Stored data:
——

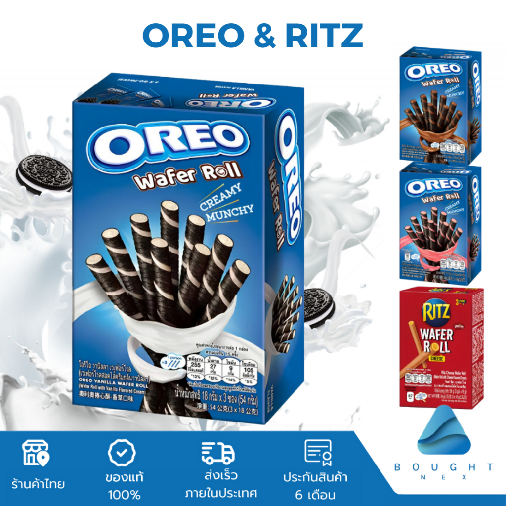 Oreo & Ritz Original โอรีโอ้ ริทซ์ 54 กรัม แครกเกอร์ บิสกิต ออริจินัล เวเฟอร์โรล ขนม สอดไส้ครีม ช็อคโกแลต สตอเบอร์รี่
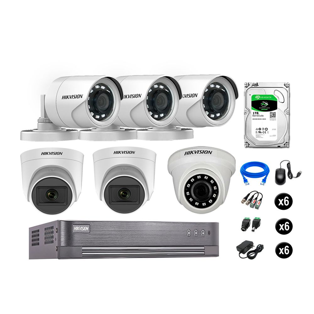 Kit 6 Cámaras de Seguridad Hikvision Full Hd Vigilancia 02 Cámara Audio Incorporado Disco Duro 1Tb
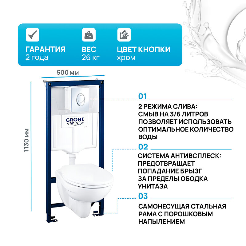 Комплект Grohe Solido 39192000 унитаз + инсталляция + клавиша
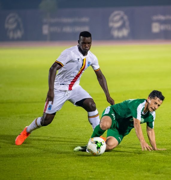 MAIN PHOTO: Khalid Aucho (white) during the game against Turkmenistan on Sunday in Abu Dhabi. He will feature at AFCON for the 2nd successive time together with 11 other players who were in the 2017 Uganda Cranes Squad in Gabon.
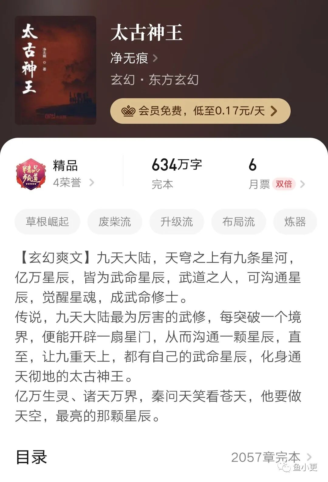 今天小鱼就来推荐《太古神王》这本小说,应该有不少老读者们都看过,要是没看过的小伙伴们可以留意一下哦!很不错的呢,升级爽文又耐看。

——

> TASK TO CARRY OUT:
A verbatim copy is needed of the lines running from the line with "Kit 6 Cámaras" to the end of the data above, both included. Keep the pictures out of it.

> RESULT OF THE EXERCISE:
 Kit 6 Cámaras de Seguridad Hikvision Full Hd Vigilancia 02 Cámara Audio Incorporado Disco Duro 1Tb
 Комплект Grohe Solido 39192000 унитаз + инсталляция + клавиша
 MAIN PHOTO: Khalid Aucho (white) during the game against Turkmenistan on Sunday in Abu Dhabi. He will feature at AFCON for the 2nd successive time together with 11 other players who were in the 2017 Uganda Cranes Squad in Gabon.
 今天小鱼就来推荐《太古神王》这本小说,应该有不少老读者们都看过,要是没看过的小伙伴们可以留意一下哦!很不错的呢,升级爽文又耐看。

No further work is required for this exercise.